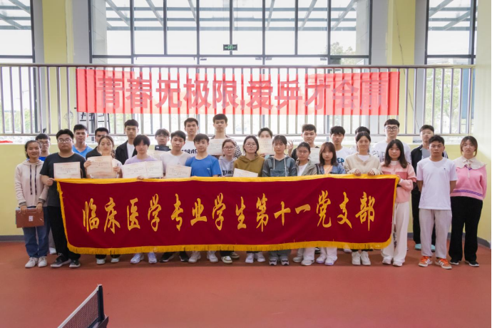 为了引导广大青年学子积极参与体育健身,强健体魄、砥砺意志,凝聚和焕发青春力量,促进老员工德、智、体、美、劳全面发展,2023年5月13日9:00,suncitygroup太阳集团临床医学专业员工第十一党支部在新蒲校区南区乒乓球馆开展了以“运动青春,快乐青春”为主题的乒乓球比赛。支部辅导员杨武、参赛球员、工作人员及现场观众等100余名师生参与。
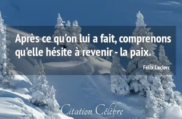 Citation Félix Leclerc paix : Après ce qu'on lui a fait, comprenons qu'elle hésite à...
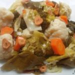 Cuando el tomate se haya deshecho formando una salsa, ponemos una cucharadita de pimentón dulce, removemos bien y antes de que se nos queme le añadimos el vino blanco.Dejamos evaporar un poco y cubrimos bien con auga. Le ponemos una hoja de laurel, cuando rompa a hervir tapamos y la dejamos que se vaya cociendo a fuego mínimo.
********
What the task asks
For the material above, repeat each line exactly and leave out the pictures.

Your response
 为了引导广大青年学子积极参与体育健身,强健体魄、砥砺意志,凝聚和焕发青春力量,促进老员工德、智、体、美、劳全面发展,2023年5月13日9:00,suncitygroup太阳集团临床医学专业员工第十一党支部在新蒲校区南区乒乓球馆开展了以“运动青春,快乐青春”为主题的乒乓球比赛。支部辅导员杨武、参赛球员、工作人员及现场观众等100余名师生参与。
 Citation Félix Leclerc paix : Après ce qu'on lui a fait, comprenons qu'elle hésite à...
 Cuando el tomate se haya deshecho formando una salsa, ponemos una cucharadita de pimentón dulce, removemos bien y antes de que se nos queme le añadimos el vino blanco.Dejamos evaporar un poco y cubrimos bien con auga. Le ponemos una hoja de laurel, cuando rompa a hervir tapamos y la dejamos que se vaya cociendo a fuego mínimo.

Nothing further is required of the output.